# travailler dans/à la compta, dans les/aux finances - préposition



## KennyHun

Bonjour,

Si on parle de quelqu'un qui travaille dans le service financier ou comptable d'une entreprise, est-ce qu'on utilisera uniquement la préposition "_dans_" ?

P.ex.

Dans la compta (de notre société), il n'y a que des génies.
Elle travaille dans les finances depuis 5 ans, mais voudrait essayer un nouveau poste dans un autre service dès l'an prochain.

Merci !


----------



## Logospreference-1

Bonjour KennyHun.

Au sein d'une entreprise ou d'une administration ou d'une institution on ne retient, me semble-t-il, que l'idée d'affectation : _au service de la comptabilité, à la comptabilité_ et familièrement _à la compta_.

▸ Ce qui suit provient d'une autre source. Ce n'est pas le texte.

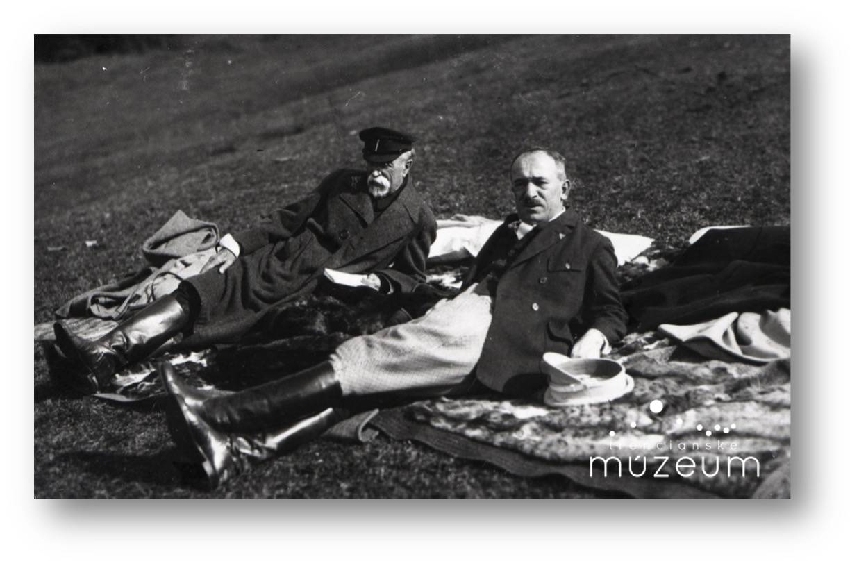 Negatív – prezident T. G. Masaryk s ministrom E. Benešom, odpočinok v Topoľčiankach, foto: Mária Holoubková, rok 1928
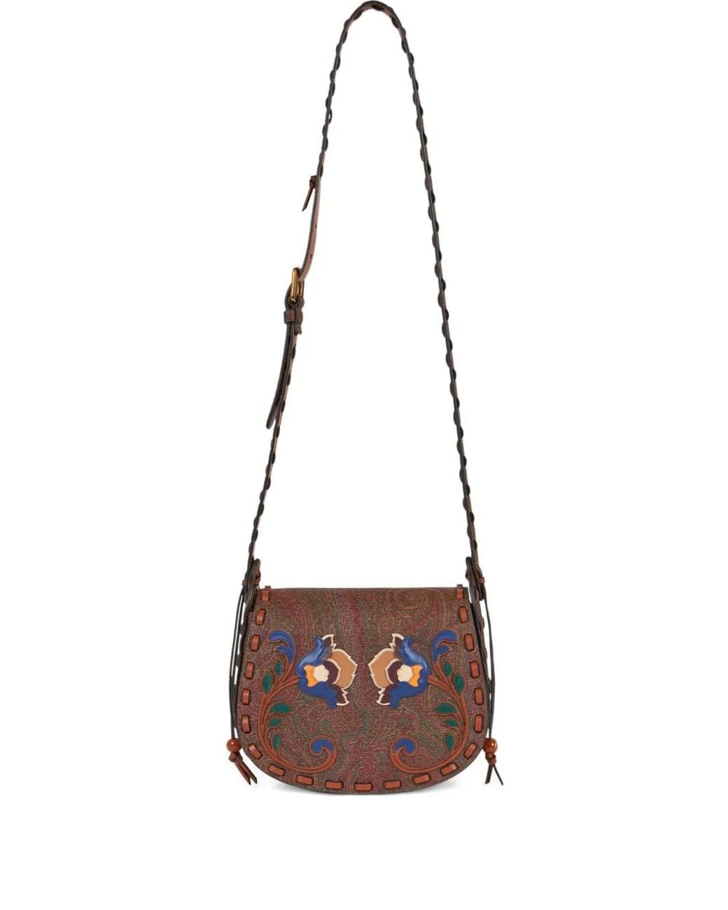 Cognac brown foldover top with magnetic fastening adjustable shoulder strap internal patch pocket paisley print Size: One Size. Gender: Female. Material:PVC/Polymethyl Methacrylate/CALFSKIN/CALFSKIN. Colour: white

S'agissant des finances, on parle généralement de _service financier  _:_ travailler au service financier._ C'est la même idée d'affectation.


----------



## Maître Capello

Logospreference-1 said:


> S'agissant des finances, on parle généralement de _service financier _:_ travailler au service financier._


Et familièrement, on dit souvent _à la finance_.

Quant à _travailler *dans* les finances_, cela ne veut pas dire travailler au département financier d'une entreprise, mais travailler dans le domaine de la finance.


----------



## JClaudeK

Maître Capello said:


> Et familièrement, on dit souvent _à la finance_***.  [...] Quant à _travailler *dans* les finances_ ...


Ah bon ?  Je n'ai jamais entendu ça*** en France.
On dit le plus couramment (du moins ici) "travailler *dans* *la* finance" = dans le domaine/ le monde de la finance
et (familièrement) "*aux* finances" quand il s'il s'agit d'un service dans une entreprise.

Cf. résultats google (qui, à mon avis, sont parlants dans le cas présent)
"travaille à la finance" 6 résultats
"travaille aux finances" 50 résultats
"travaille dans la finance" 135 résultats
"travaille dans les finances" 90 résultats


----------



## atcheque

JCK, c'est bien exactement ce que relevait MC  Il répondait à _travailler au service financier_.


----------



## JClaudeK

Eh bien, moi, je relève la proposition de MC "travailler _*à* la finance_" (même pour "_travailler au service financier") _qui me semble sujette à caution.


----------



## atcheque

_Travailler à la finance, à l'entretien, aux services généraux ... _  dans une entreprise.
_Travailler dans la finance _ faire de la finance.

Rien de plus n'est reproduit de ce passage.